6. Expanding DRA Driver Ecosystem — More Hardware, More Flexibility
The power of DRA is only as good as its drivers. In v1.36, the driver ecosystem continues to expand beyond traditional compute accelerators like GPUs. New drivers now support networking hardware (e.g., SmartNICs, DPUs), storage accelerators, and even custom FPGA devices. This broadens DRA from a GPU-centric tool to a universal resource allocation framework. The community has also improved the driver development toolkit, making it easier for hardware vendors to create compliant drivers. With this diversity, platform engineers can standardize resource management across all specialized hardware types, reducing complexity and improving operational consistency. The result is a more hardware-agnostic Kubernetes infrastructure that adapts to evolving hardware roadmaps.

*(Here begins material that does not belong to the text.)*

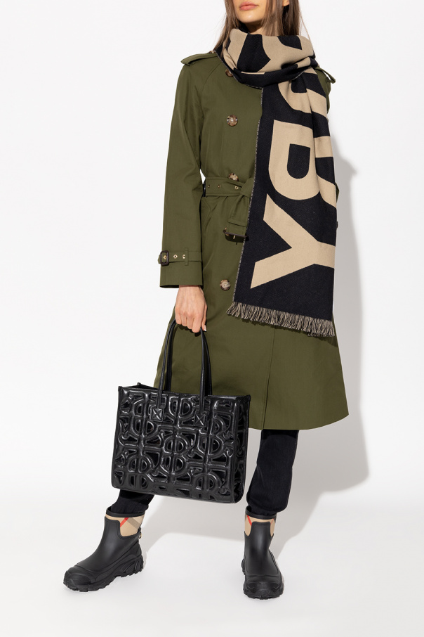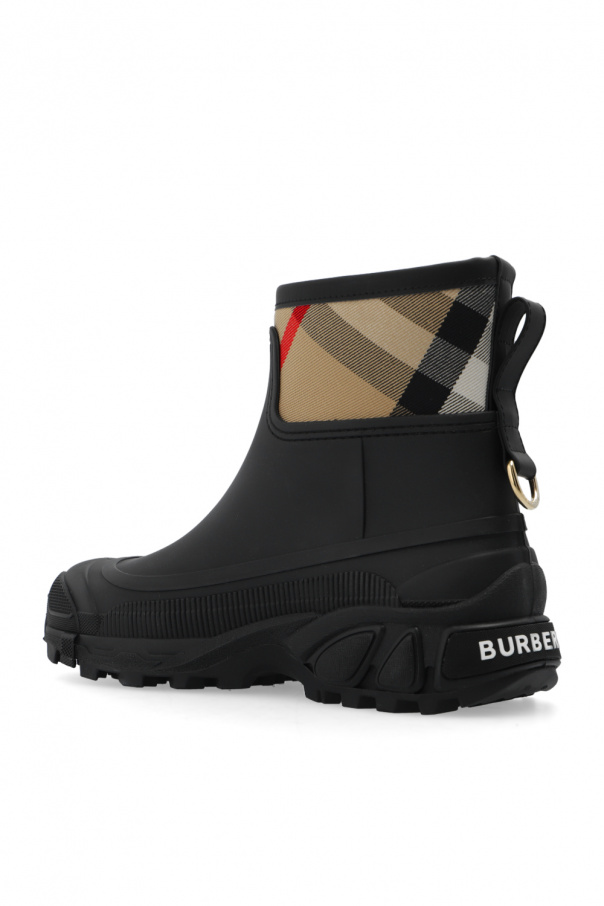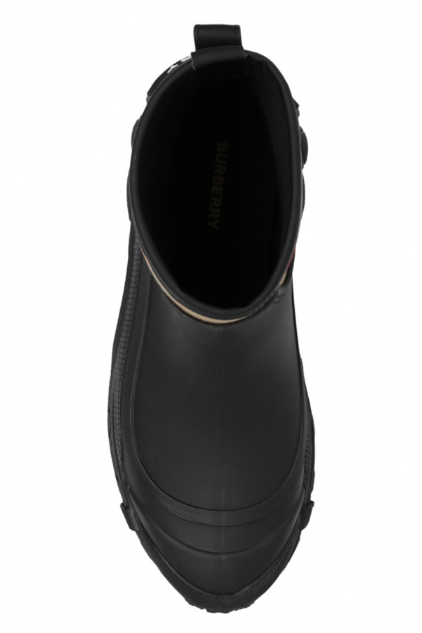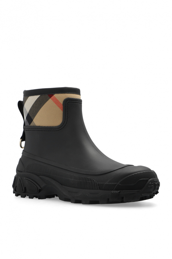 Black ‘Ryan’ rain boots from Burberry. Made with at least 30% bio-based materials, white are derived from renewable natural resources such as plants and castor oil, this model features a slip-on silhouette with a beige fabric overlay decorated with the brand's signature check pattern, a strap with a metal D-Ring application at the back and a black rubber sole accentuated with a white logo at the base.

7. ResourceClaims in PodGroups — Coordinated Allocation for Workload Sets
Many distributed workloads — such as Ray clusters or MPI jobs — require resources to be allocated to multiple pods as a group. The new ResourceClaims in PodGroups feature (introduced in v1.36) allows you to define a set of ResourceClaims that must be allocated together to a group of pods. The scheduler ensures all claims are satisfied before launching any pod in the group, avoiding partial allocation deadlocks. This is particularly useful for tightly coupled workloads where all instances need identical hardware or need to communicate across dedicated interconnects. It simplifies orchestration and improves reliability for multi-pod workflows. This feature marks a critical step toward supporting complex batch and AI training jobs natively within Kubernetes.
Conclusion
Kubernetes v1.36 marks a maturation point for Dynamic Resource Allocation. From stable fallback lists to beta-grade device partitioning and group-level claim coordination, these features empower platform teams to manage specialized hardware with precision and confidence. The expanded driver ecosystem further ensures DRA becomes the go-to standard for resource abstraction. Whether you are piloting DRA or scaling it across thousands of nodes, these updates provide practical, real-world improvements that reduce complexity and boost efficiency. Dive into the official release notes to start experimenting with these capabilities today — your infrastructure will thank you.